# Lyft Line



## JimS (Aug 18, 2015)

Does Lyft pay LyftLine as one ride, or do they pay out a % of each link in the chain?


----------



## CCW (Dec 25, 2015)

Lyft counts each group of PAX as one ride. If you picked up two groups of PAX, then you gave 2 rides.

When you drop each group of PAX, the Lyft app would show u the exact the same amount of fair each time. But you only get paid for one.
If you drop John off, you see a $10, and rate John 5*, then you drop Amy off, you see another $10, and you rate Amy 5*.

On the email daily pay stmt, you will only see one $10. This $10 is the sum of fair for the rides you gave to John and Amy. When I first saw it on Lyft app
, I was like omfg Lyft Line is GREAT. But next day, I was like WTF this is shit.

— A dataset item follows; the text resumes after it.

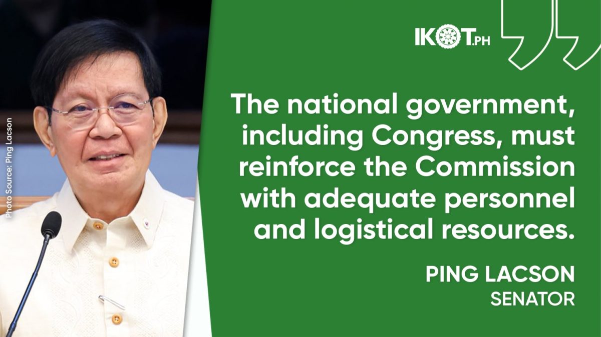 “Hence, the national government, including Congress, must reinforce the Commission with adequate personnel and logistical resources, even additional legal power and authority by way of legislation so they can accomplish their assigned tasks,” the seasoned lawmaker added.

So, Lyft Line pay all the LINE rides (in the same chain)as one ride on the daily pay stmt. Not a % of each line in the chain.


----------



## MiddleClassedOut (Jun 11, 2015)

Lyft Line isn't as discounted as Uber's in most cities from what I see. So that's a plus.

They really ream you on the Prime Times though, then it really saves PAX a lot of money and the driver makes a lot less. Of course that's when cheapskates used to paying 1984 NYC taxi rates will take Line.

Unless you need that 90% acceptance rate, cancel them.


----------



## Another Uber Driver (May 27, 2015)

MiddleClassedOut said:


> Lyft Line isn't as discounted as Uber's in most cities from what I see.
> 
> They really ream you on the Prime Times though, then it really saves PAX a lot of money and the driver makes a lot less. Of course that's when cheapskates used to paying 1984 NYC taxi rates will take Line.


Lyft is starting to discount the LLs in many cities. It has stated, without mentioning any names, that this is due to U-Pool.

1984 cab rates? You ARE being generous. It is more like 1979 cab rates on U-Pool and soon to be on LL everywhere.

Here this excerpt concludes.